OpenNLPLab / lightning-attention

Lightning Attention-2: A Free Lunch for Handling Unlimited Sequence Lengths in Large Language Models

Geek Repo:Geek Repo

Github PK Tool:Github PK Tool

Does using lightning-attention need retraining?

ranpin opened this issue · comments

Hello, I have replaced the normal self-attention calculation in my own model with lightning attention, without any additional operations, but I found that the model is poorly reasoned and tested.

Therefore, I would like to ask, just replacing the normal self-attention calculation with lightning attention, does this approach will have any effect on the model accuracy? Do I need to retrain my model? thank you very much!

And I find another issue(https://github.com/OpenNLPLab/lightning-attention/issues/10#issuecomment-1986779377) that you said lightning attention has no parameters, so it maybe should not have any effect on the model accuracy just like flash attention and it doesn't need to be trained?

Here is the code I used to calculate the attention forward process originally:

def forward(self, x: torch.Tensor) -> torch.Tensor:

        B, H, W, _ = x.shape

        # qkv with shape (3, B, nHead, H * W, C)
        qkv = self.qkv(x).reshape(B, H * W, 3, self.num_heads, -1).permute(2, 0, 3, 1, 4)
        # q, k, v with shape (B * nHead, H * W, C)
        q, k, v = qkv.reshape(3, B * self.num_heads, H * W, -1).unbind(0)

        attn = (q * self.scale) @ k.transpose(-2, -1)

        if self.use_rel_pos:
            attn = add_decomposed_rel_pos(attn, q, self.rel_pos_h, self.rel_pos_w, (H, W), (H, W))

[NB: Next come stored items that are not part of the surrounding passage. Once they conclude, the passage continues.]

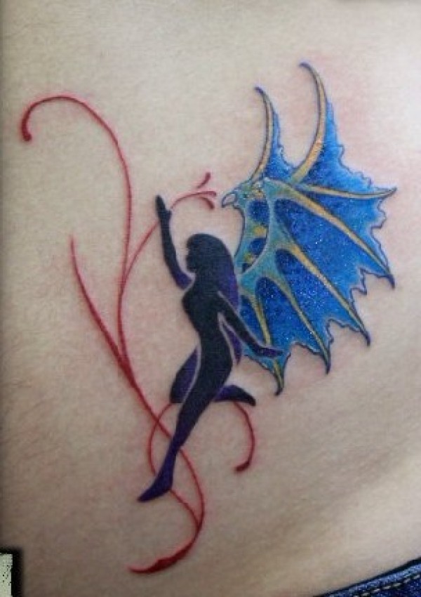 腹部纹身图案腹部彩色天使翅膀纹身图案_天使纹身图案大全_纹身图吧
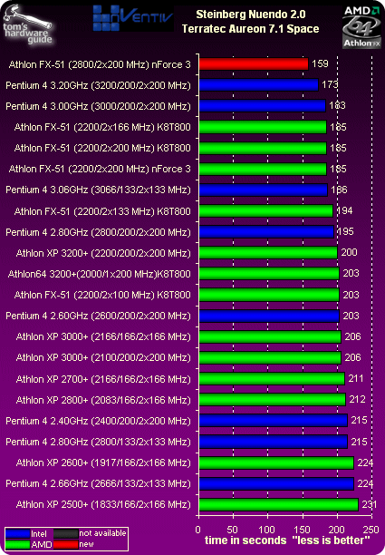 Here the professional program is working with a project file volume of over 2 GB. The Athlon FX-51 beats the normal Athlon 64 FX by 16.4 per cent.
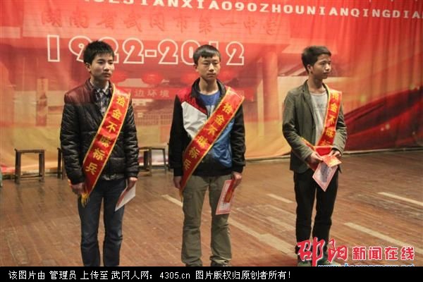 据悉,截至3月31日,该校本学期已组织青年志愿者给辕敬老院的老人们送温暖一次,建立定点社区服务基地一个,上街义务宣传一次;有十个班级专门组织了义务劳动,有五十一个班级组织了“学雷锋,献爱心,捐献压岁钱”活动。全校拾物不昧、拾金不昧现象更是层出不穷,其中该校366班黄晓明、杨康、周立鑫三名同学拾到现金两万元交还失主的事迹经邵阳新闻在线和武冈新闻网报道后,便迅速为网易、新浪、红网等十一家大小媒体所转载。
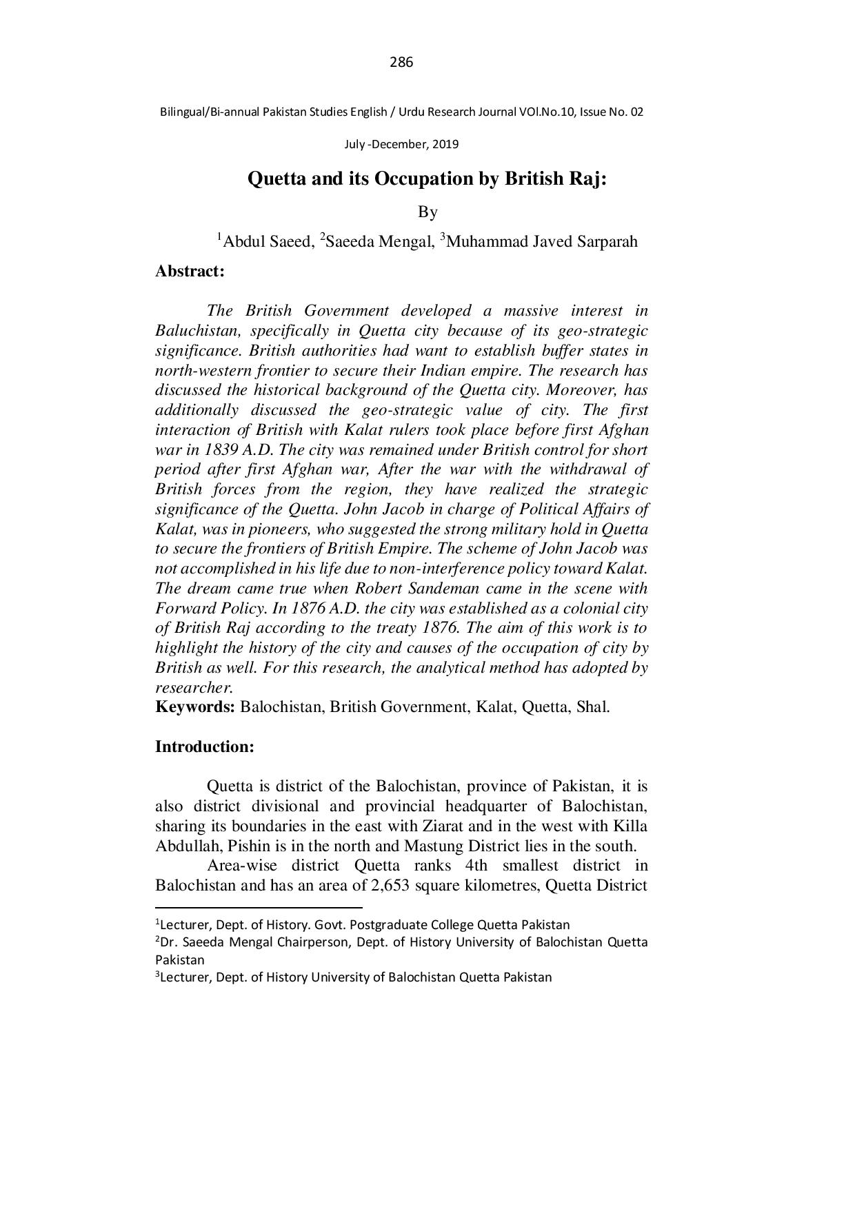 Quetta and its Occupation by British Raj
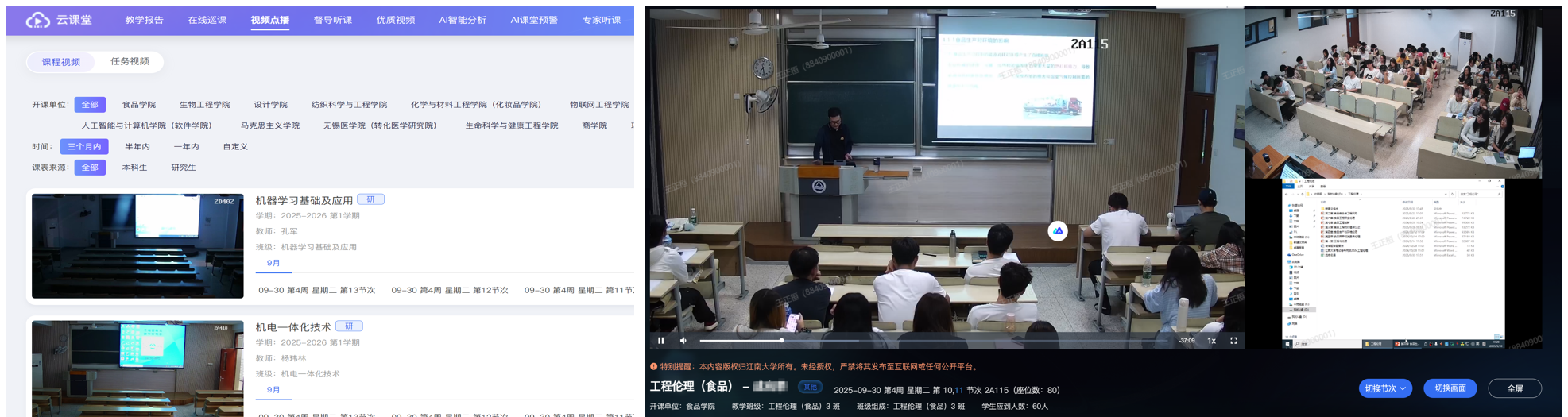 信息化处在2015年开始建设常态化录播系统,多年来不断根据实际情况进行持续迭代升级,将常态化录播系统作为重要的教学支撑,提供给学生课后回看,积极促进教育数字化转型。该系统以录播课程,在线巡课等为核心,构建了一个覆盖课程教学的数字化管理与服务生态。在功能方面,平台提供了次日可点的课程录像以供回看,让学生能够复习所学课程,助力其进行学习回顾与提升。同时,对于老师还提供观看AI课堂分析报告,助力更全面客观的教学研究。在用户体验方面,平台通过直观的可视化报表、灵活的多画面巡课与智能预警推送,为管理者和督导提供高效、便捷的课堂洞察与评估工具,极大提升了管理效率。在系统管理方面,平台具备完善的权限体系,确保了数据的安全性与分析结果的科学性,为校级和院级的精细化治理提供了有力支撑。
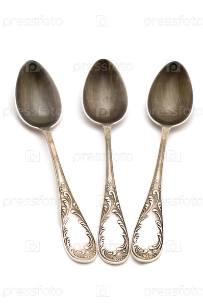 Объект серии на белом - кухонная утварь - серебряная ложка
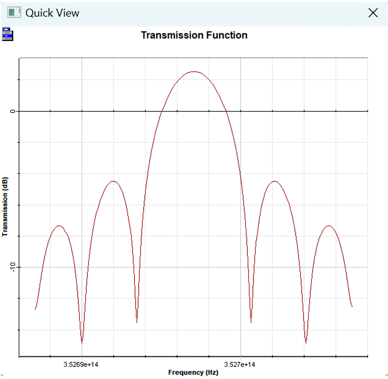 對于濾波分析儀,將參數“Frequency”設置為850nm,“Frequency range”設置為20ghz,“Time domain”設置為true,“Frequency unit”設置為Hz。
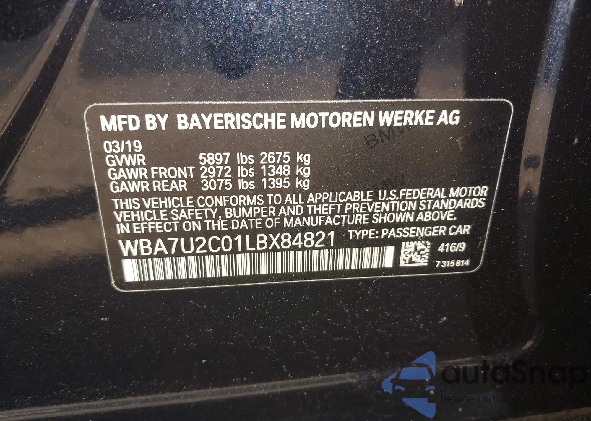 • VIN WBA7U2C01LBX84821
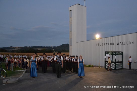 Musikalisch umrahmt wurde der Festakt von der Marktmusikkapelle Wallern. Den Segen für das neue Zuhause und dem neuen Einsatzfahrzeug erteilten der katholische Pfarrer Gerhard Schwarz und der evangelische Pfarrer Andreas Hochmeir im gemeinsamen Gebet. Nach der Defilierung vor dem alten Feuerwehrhaus wurde der Abend noch gebührend im Festzelt mit den Wallerer Kameraden gefeiert.
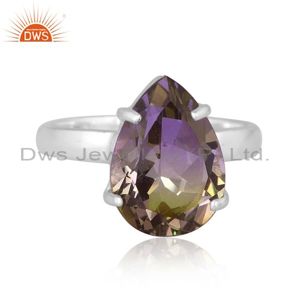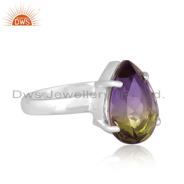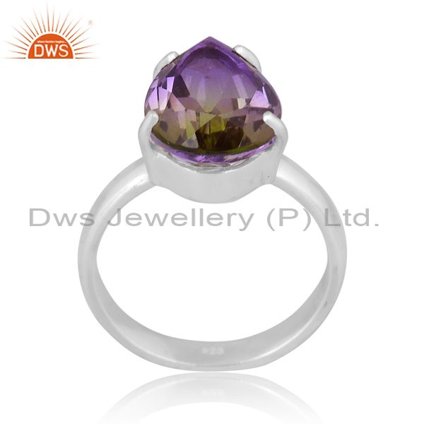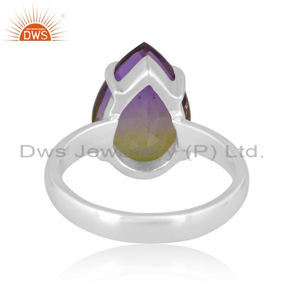 Fine 925 Silver Bio Peacock Doublet Quartz Set Fancy Ring
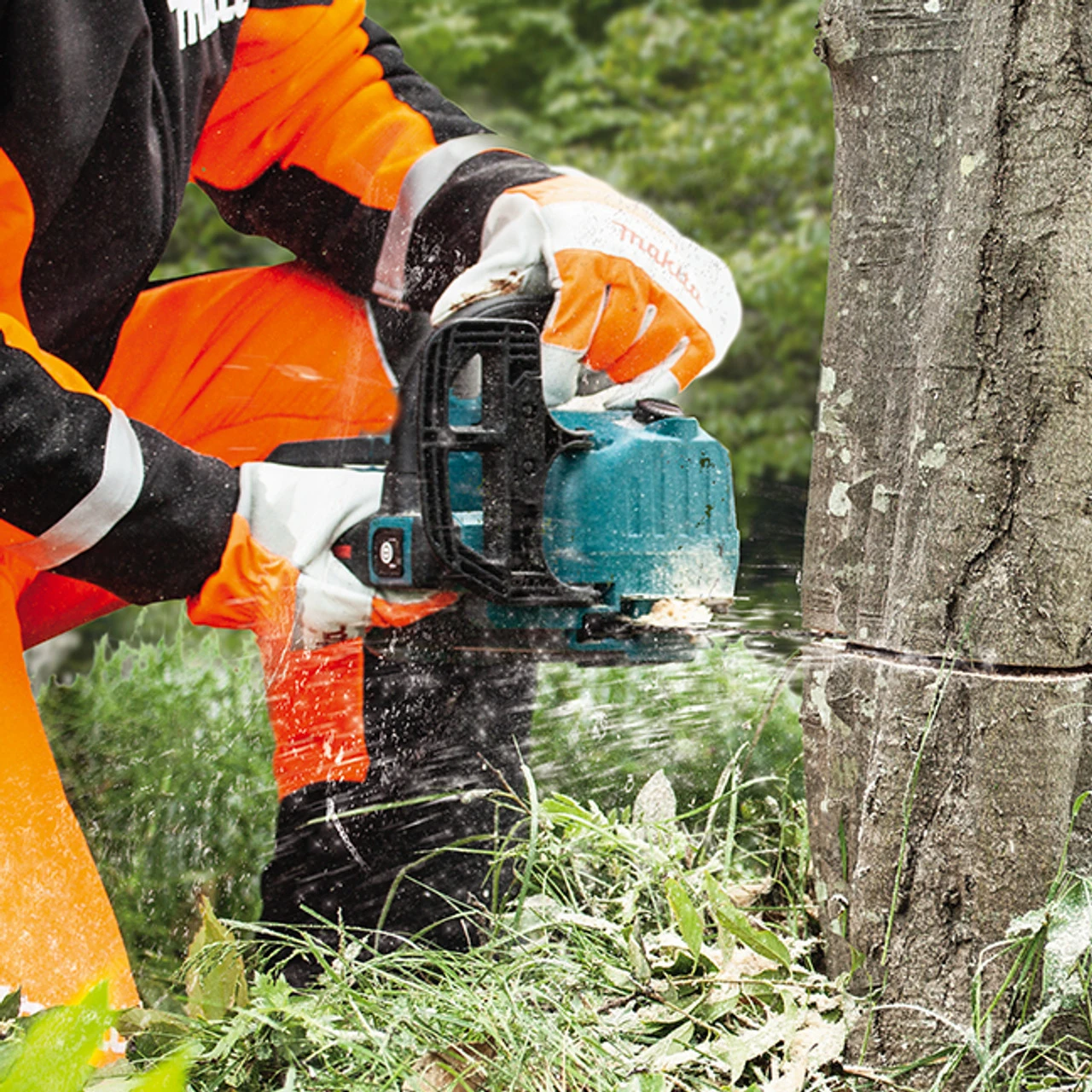 Fast, Variable Speed (0-4,880 Feet Per Minute). Power equivalent to a 32cc Gasoline Chainsaw. Designed with the professional arborist in mind that require a compact and powerful saw Variable speed control by trigger Electric chain brake Kickback brake Chain oil adjustment Oil Capacity Display window Brushless motor Compact & Lightweight. Captive nuts: prevent loss of nut when removing sprocket cover to replace guide bar or saw chain Hanging hook Main power switch with auto power-off function Specifications Product: 40V cordless chainsaw Manufacturer: Makita Model: UC005GM101 Battery capacities: 40V Max Li-ion Guide bar length: 16″ (400mm) Chain pitch / gauge: 3/8″ /0.043″ Chain speed: 0-4,880 FPM (0-1,490 m/min) Overall length: 10-1/2″ (266mm) Net weight: 9.8 lbs (4.4 kg) Includes (1) 40V Max (4.0Ah) Li-Ion Battery (BL4040) (1) Rapid Charger (DC40RA) (1) Battery Cover (412393-7) (1) 16″ Chain (191H03-4) (1) 16″ Guide Bar (191G17-7) (1) Chain Cover (419242-9) (1) Spike Bumper (346809-9) (1) Wrench 13-16 (782023-7) (1) Oil Supply (199897-3)
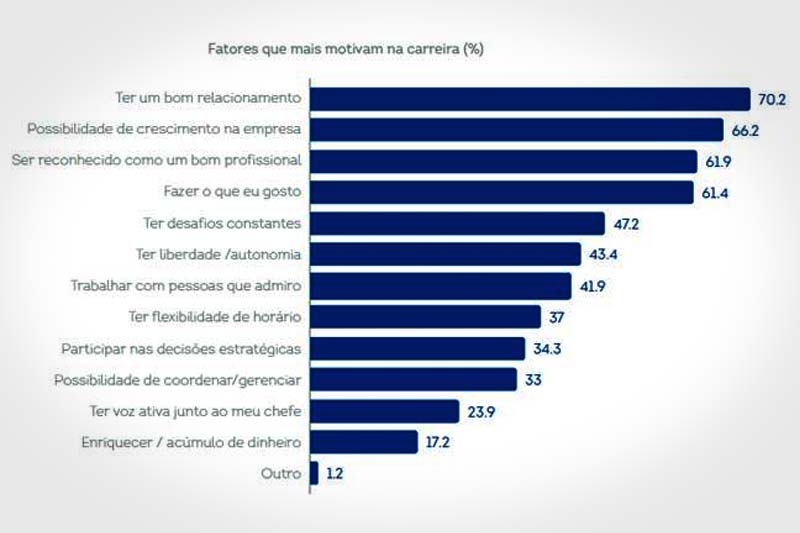 Entre os motivos que geram a satisfação e motivam no ambiente de trabalho está o bom relacionamento (70,2%), possibilidade de crescimento na empresa (66,2%) e reconhecimento como um bom profissional (61,9%). “Não é novidade que grande parte dos profissionais, muitas vezes, passa mais tempo no trabalho do que em casa. Dessa forma, ter um bom relacionamento e um ambiente de trabalho agradável é essencial para manter-se motivado”, afirma o head de Pesquisa e Estratégia da Catho, Luís Testa.
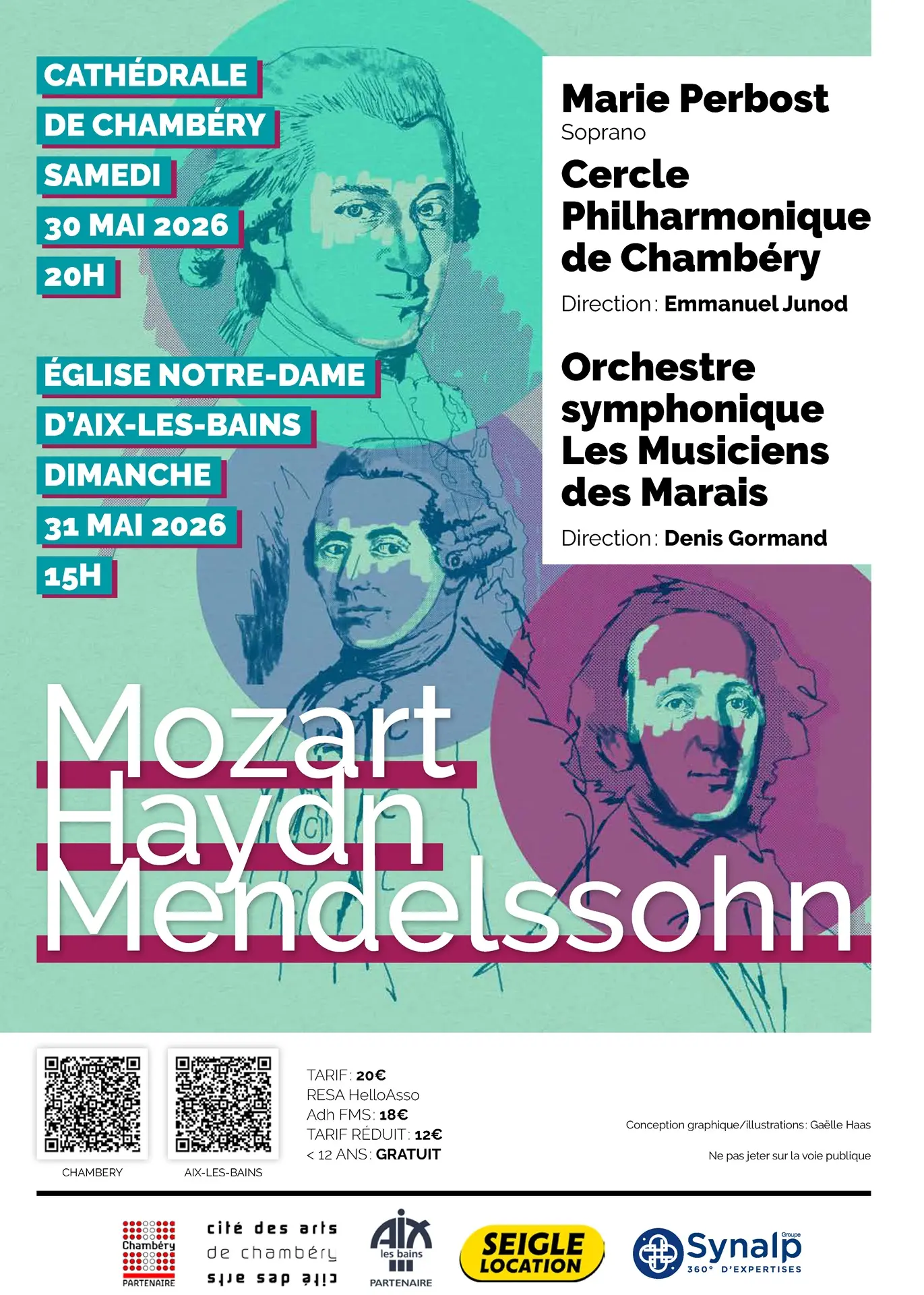 Le Cercle Philharmonique de Chambéry vous donne rendez-vous à ce concert avec la participation exceptionnelle de la soprane Marie Perbost. Le chœur sera accompagné par l’orchestre symphonique Les Musiciens des Marais, sous la direction d’Emmanuel Junod.
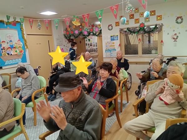 クリスマスソングを歌いながら楽しく体を動かしました(*^^*)

        attn = attn.softmax(dim=-1)
        x = (attn @ v).view(B, self.num_heads, H, W, -1).permute(0, 2, 3, 1, 4).reshape(B, H, W, -1)

        x = self.proj(x)

        return x

Here is my modified code for computing the attention forward process using LIGHTNING ATTENTION:

def forward(self, x: torch.Tensor) -> torch.Tensor:
        B, H, W, _ = x.shape

        # qkv with shape (B, H * W, 3, num_heads, C)
        qkv = self.qkv(x).reshape(B, H * W, 3, self.num_heads, -1).permute(2, 0, 3, 1, 4)
        q, k, v = qkv.unbind(0)  # unbind the 3 tensors

        # build slope tensor for Lightning Attention
        slope_tensor = _build_slope_tensor(self.num_heads).to(x.device).to(torch.float32)

        # compute attention using Lightning Attention
        attn = lightning_attn_func(q, k, v, slope_tensor)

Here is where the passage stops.